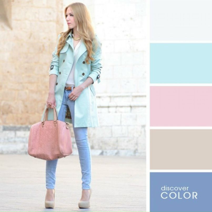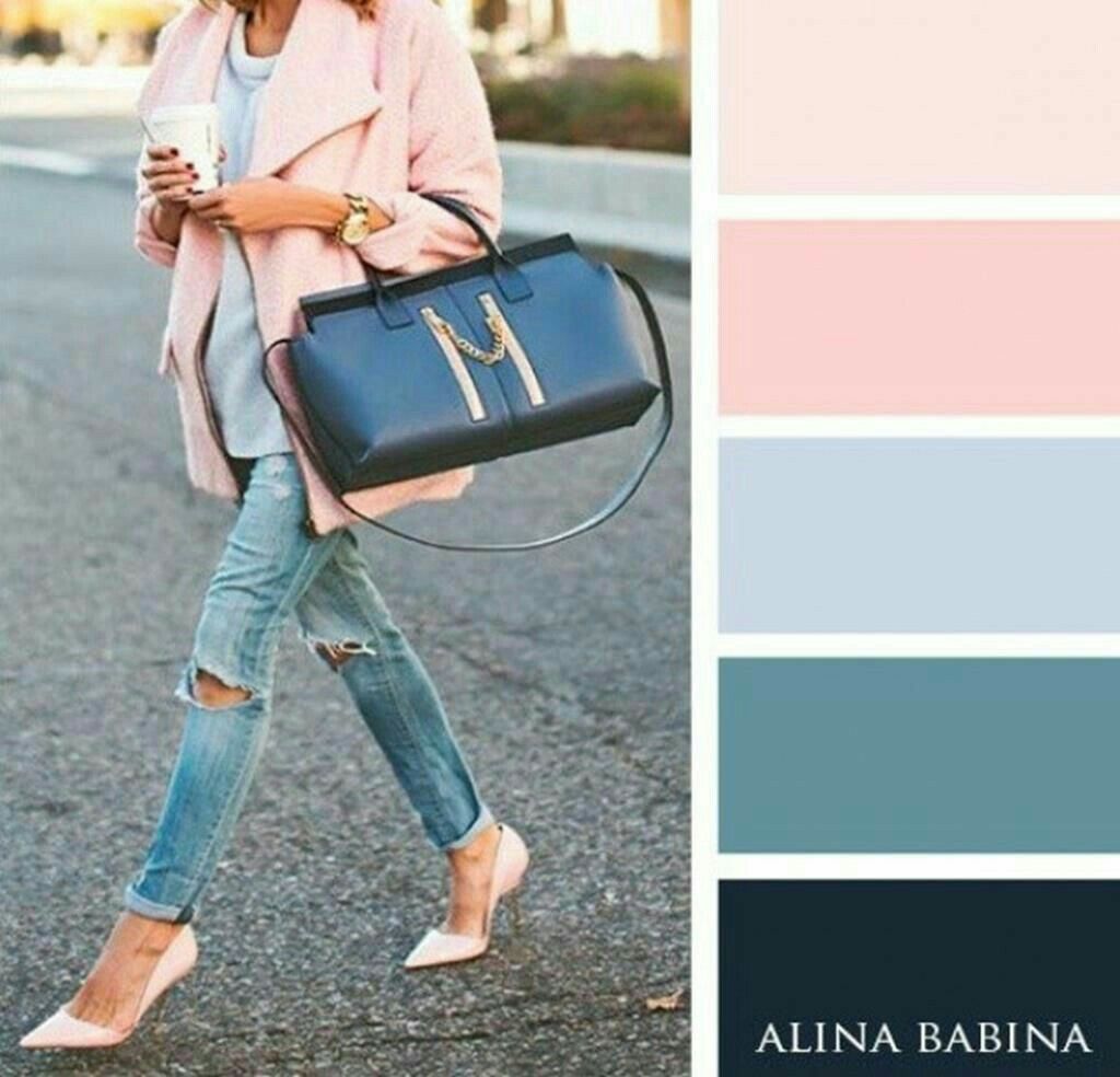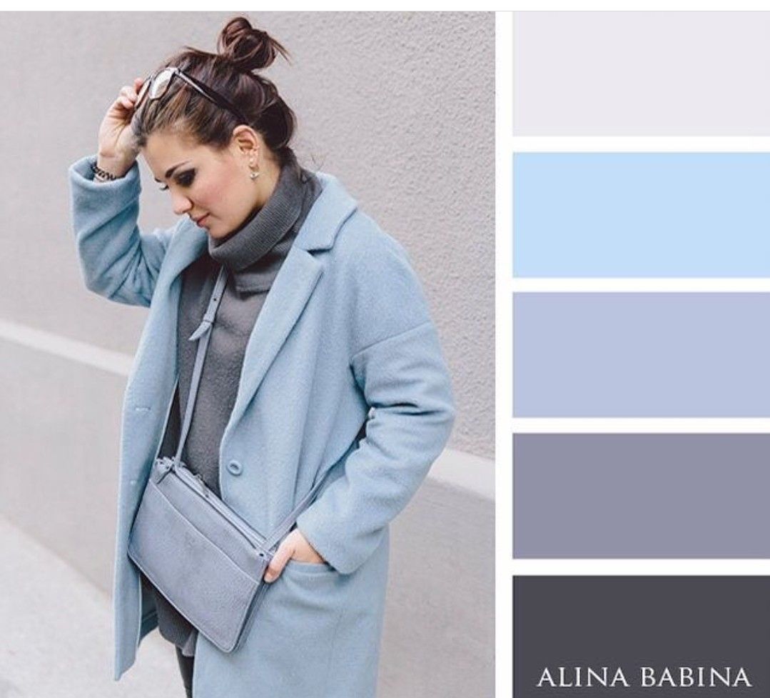 Универсальным считается тандем с синей палитрой. Оба варианта относят к холодным тонам, гармонично дополняющим друг друга. Голубые оттенки одежды подойдут для повседневного, торжественного и делового лука.
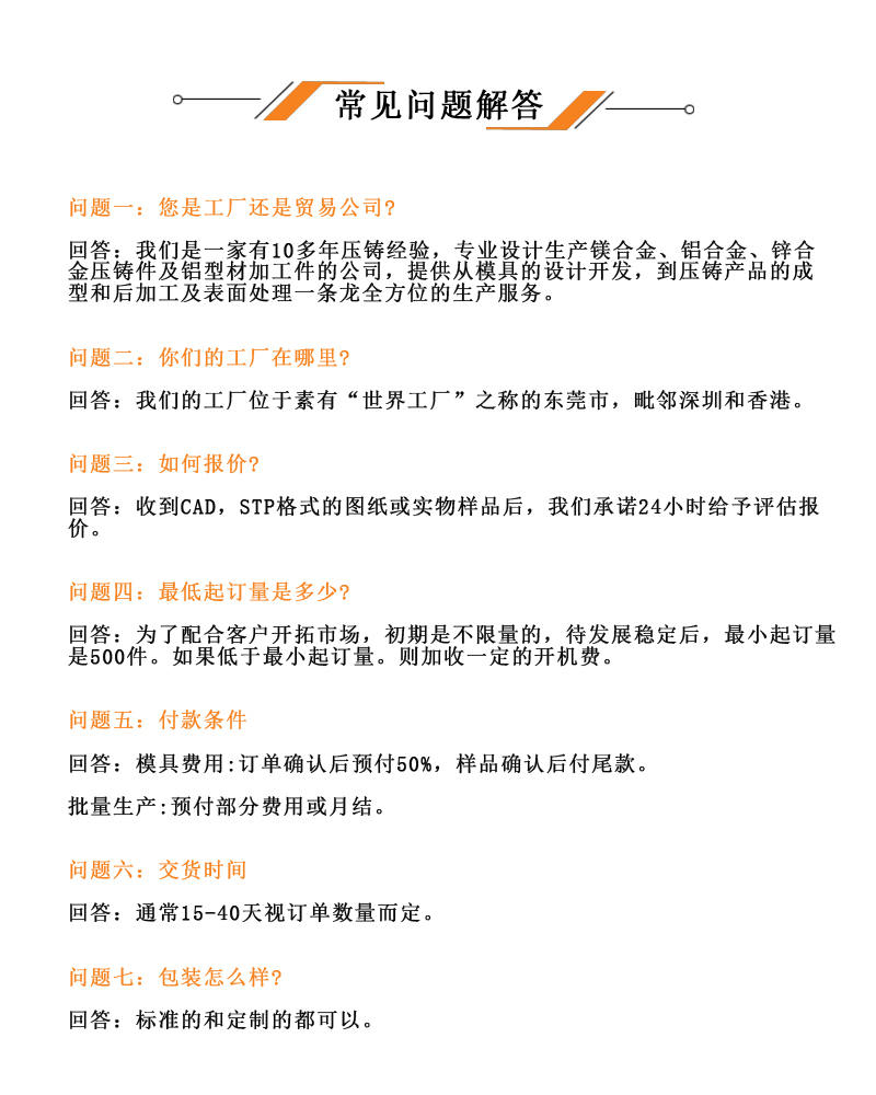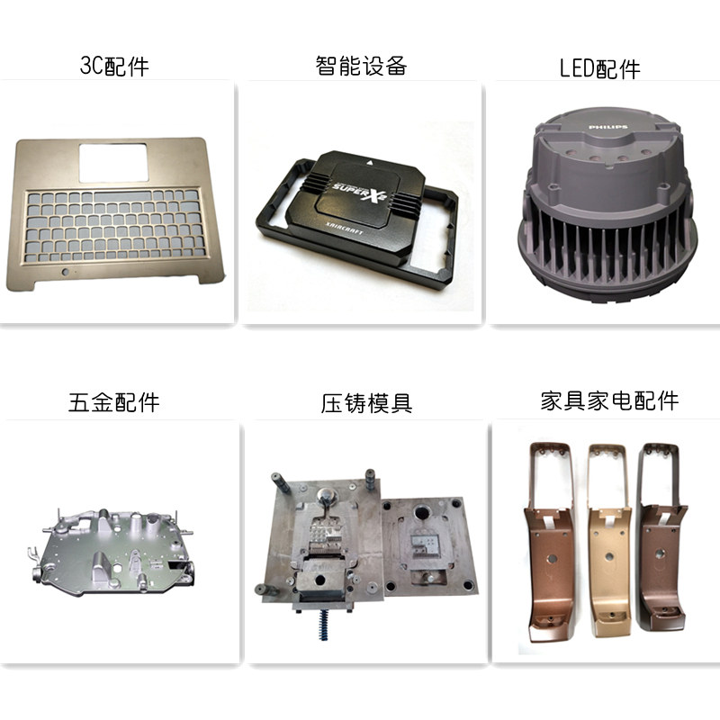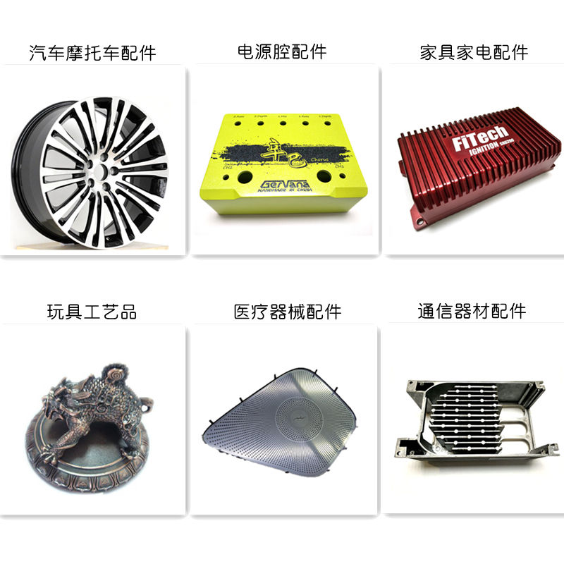 汽车部件和配件,泵和阀门零件和配件,食品机械零件,机械零件,工业锁,五金工具,高速铁路配件,建筑五金件,船舶配件和船舶五金,石油机械,热处理设备,农业机械,家具部件,LED照明部件,其他工业金属压铸件 |
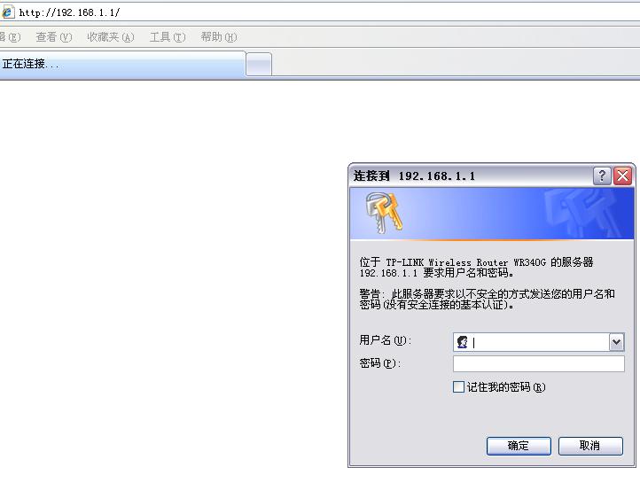 打开IE,输入192.168.1.1,对话框中输入用户名和密码
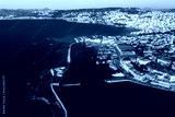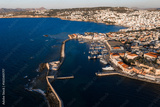 Aerial view of Chania, Crete, showcasing the Venetian harbor, docked boats, red tiled roofs, light colored buildings, and distant mountains.
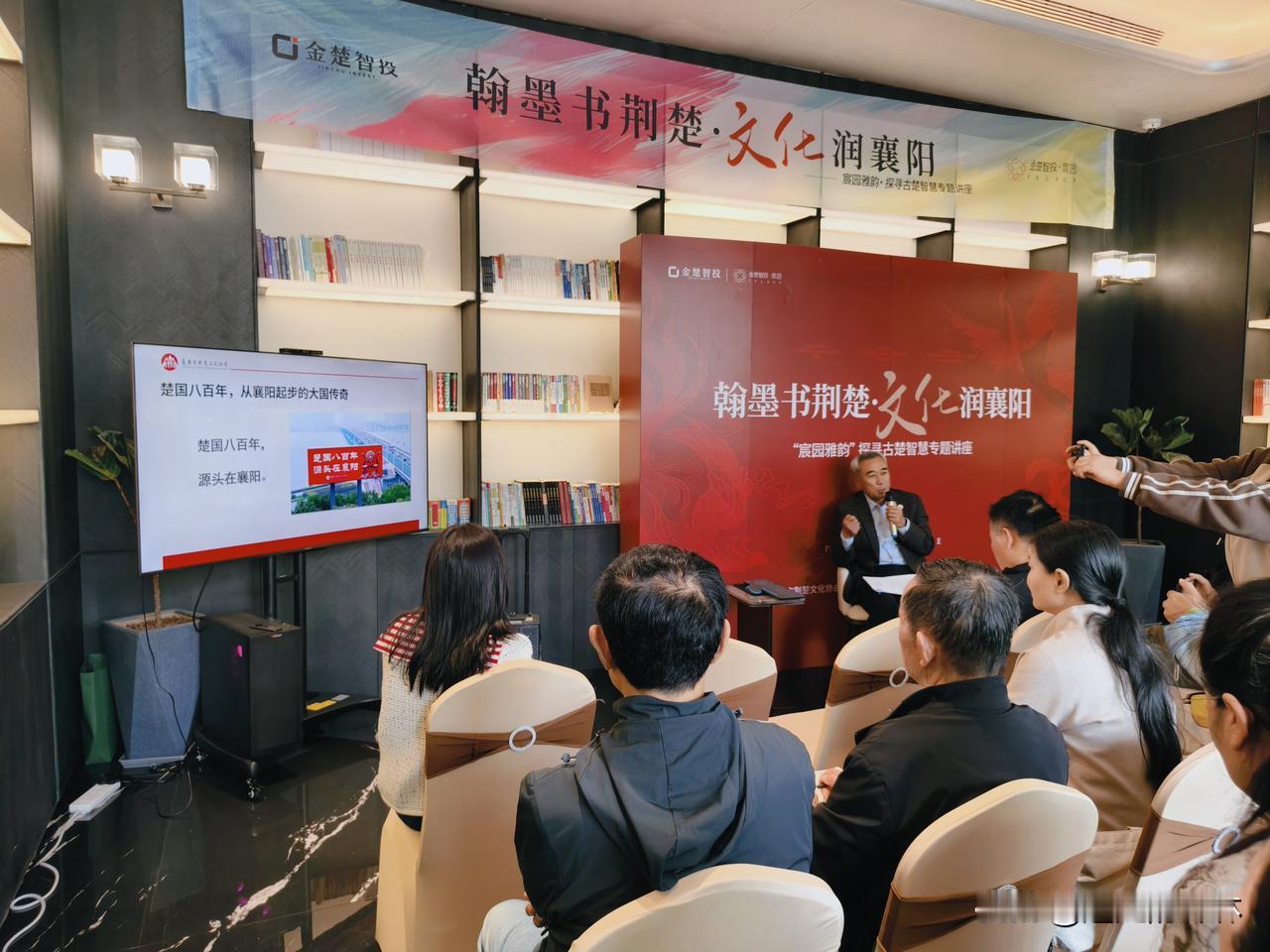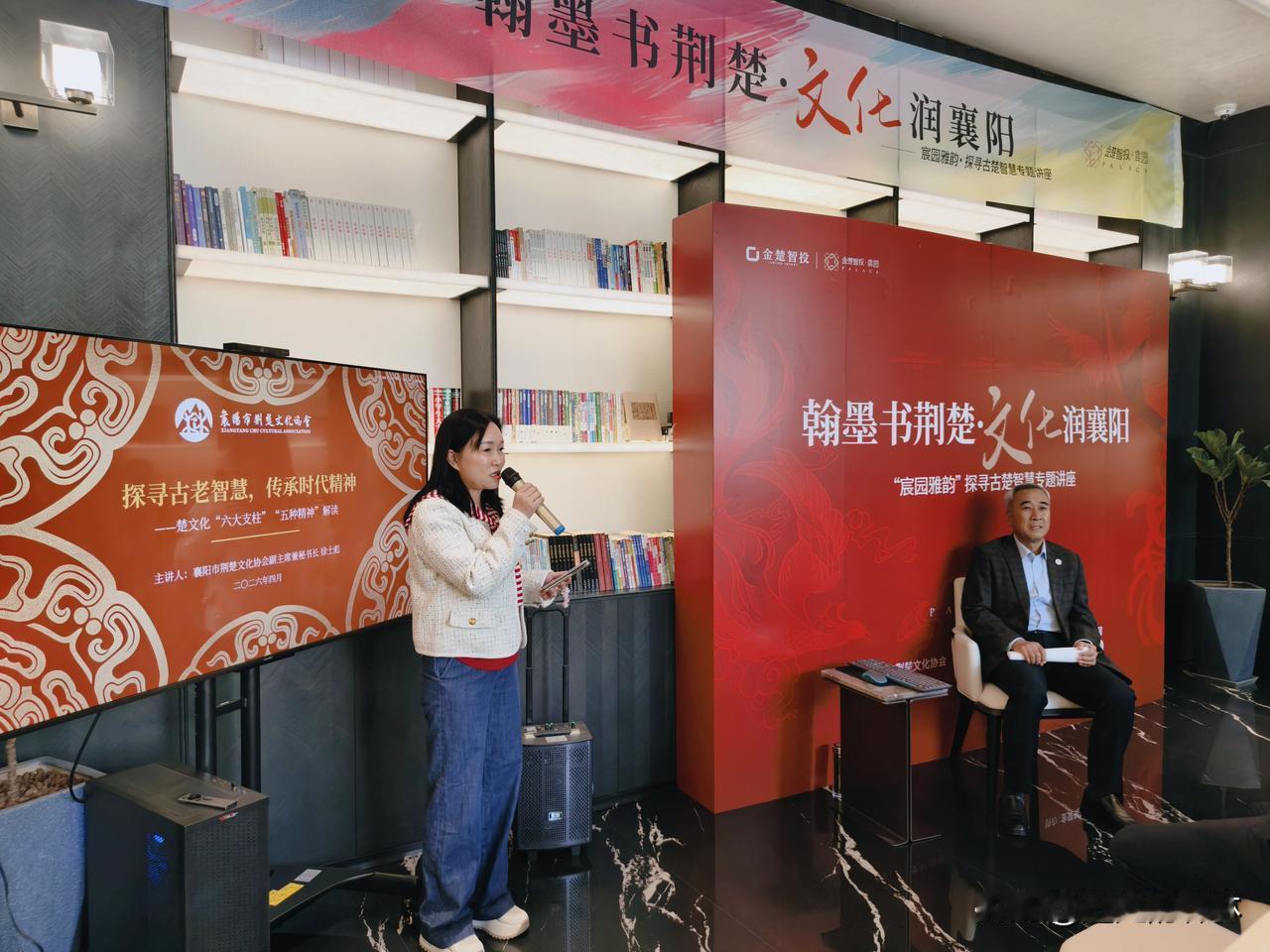 4月12日上午,“翰墨书荆楚·文化润襄阳”——“宸园雅韵”高端文化活动第七场如期开讲。一场温润雅致、轻松好懂的楚文化盛宴,让到场的朋友们听得津津有味。活动由襄阳市荆楚文化协会副主席刘玉玲优雅主持,荆楚文化协会副主席姚景灿到场聆听。
____________
What is needed is a word-for-word restatement of the lines from the one holding "打开IE,输入192.168.1.1,对话框中输入用户名和密码" to the final line of the data above, inclusive, without any pictures.

 打开IE,输入192.168.1.1,对话框中输入用户名和密码
 Aerial view of Chania, Crete, showcasing the Venetian harbor, docked boats, red tiled roofs, light colored buildings, and distant mountains.
 4月12日上午,“翰墨书荆楚·文化润襄阳”——“宸园雅韵”高端文化活动第七场如期开讲。一场温润雅致、轻松好懂的楚文化盛宴,让到场的朋友们听得津津有味。活动由襄阳市荆楚文化协会副主席刘玉玲优雅主持,荆楚文化协会副主席姚景灿到场聆听。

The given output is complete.